Смерть Созданиям Сумрака: Расцвет — страница 34 из 47

— Вот. — сказала Катерина. Одно короткое слово — а торжественности в нем было как на планерке, когда тебя за перевыполнение плана хвалят. Меня несколько раз хвалили так, и должен сказать, ощущение приятное.

Даже лучше, чем секс?

Ну ты че.

Ох, прости. Совсем забыл. В СССР секса нет, а есть любовь.

Очень хорошо, что это вспомнил. Вовремя. Потому что именно с любовью Катерина смотрела на участок стены, прикрытый полотнищем. В прошлой жизни кусок этот наверняка служил занавеской, но сейчас его приспособили под некое подобие ширмы. Щелкнул выключатель, и из ламп на штативах по периметру полился свет. И уж сейчас энергию никто не берег. Свет был желтый, яркий, как от прожектора.

Катерина раздвинула ширму, и мы с Софой наконец увидели этот арт-объект.

На стене красовалась мозаика… или фреска. Я не разбираюсь в этом ни хрена, поэтому точнее сказать не могу. Не наскальная живопись — это точно.

Два человека, стоящие плечом к плечу. Женщина и мужчина. Она поджарая, светловолосая и голубоглазая… если, конечно, краски не выцвели. Отставив правую руку, женщина согнула ее в локте. Левую держала перед грудью. Большой и указательный палец сложены в кольцо, словно говоря «все окей». И действительно было окей — в получившемся кольце светился яркий синий огонек. То ли у художника мастерство такое в светотени, цветопередаче и прочих мудреных штуках, то ли магия остаточная была какая-то. Но я готов был хату поставить на то, что огонек этот мерцал.

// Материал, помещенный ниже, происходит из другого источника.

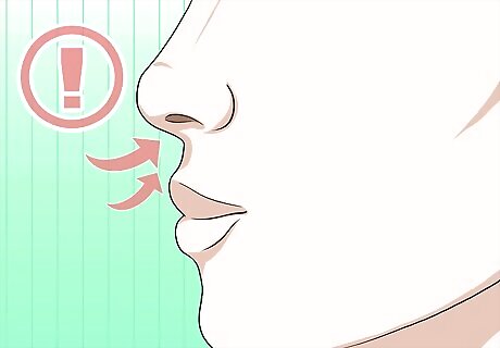 Avoid breathing in while you're spraying. It's also not a great idea to breathe in the tanner you're spraying. Take a deep breath before you start spraying, and try to hold it the whole time you're spraying. If you can, move out of the cloud of tanner a little before taking a deep breath.

Возле женщины стоял мужик. Мускулистый. Крепко сложен. Коричневые волосы слегка вьются. Костюм на нем странный, похож на наши экспериментальные экзоскелеты, только еще более удобный. Правда, лица я так и не увидел. По нему будто бы кувалдой со всего размаху приложились.

На этом, кстати, неведомый вандал не остановился. Снизу под мозаикой обнаружилась подпись, которой тоже досталось. Ее пытались отколупать, сцарапать чем-то острым и даже частично преуспели. Но кое-что все же можно разобрать… только присмотреться чуть-чуть.

Давайте, мои новые глаза. Проявите себя. Зря я, что ль, в детстве чернику килограммами жрал.

Допустим, жрал ты заменитель черники, идентичный натуральному, по цене девяносто копеек за кило, и потом… какое отношение твои странные вкусовые пристрастия из детства имеют к апгрейду?

Я прищурился.

…вазовский.

19… год

Стефан Ламберт и Эльза Рокоссовская


Рокоссовская? Знакомая фамилия. я определенно ее слышал. Звучная такая, пафосная, потому и запомнилось хорошо. А где запомнилось, не знаю. Хоть режьте — не могу вспомнить. Может, у Софки спросить? Она ж тут вроде шарит за семейные… древа? Деревья?

Я повернулся к ней, открыл рот… и осекся.

София стояла как вкопанная. Во все глаза она смотрела на изображение женщины. Губы ее, тонкие, без единой кровинки, повторяли одно слово. Слово, которое знакомо любому жителю нашего такого большого и такого маленького земного шара.

Мама

По щеке у Софы поползла прозрачная дорожка. Так, надо бы немножко фокус сбить, не то сейчас начнется сцена. А я сцен не люблю. Всегда теряюсь, сам начинаю нервничать и не знаю, как действовать.

Старым дедовским способом. На пол прыгай и под стол, чтоб взрывной волной не накрыло.

— Что она показывает? — спросил я.

— Заклинание, — отозвалась Софа тихо. Голос у нее был сдавленный и чуть дрожащий, — сильное очень.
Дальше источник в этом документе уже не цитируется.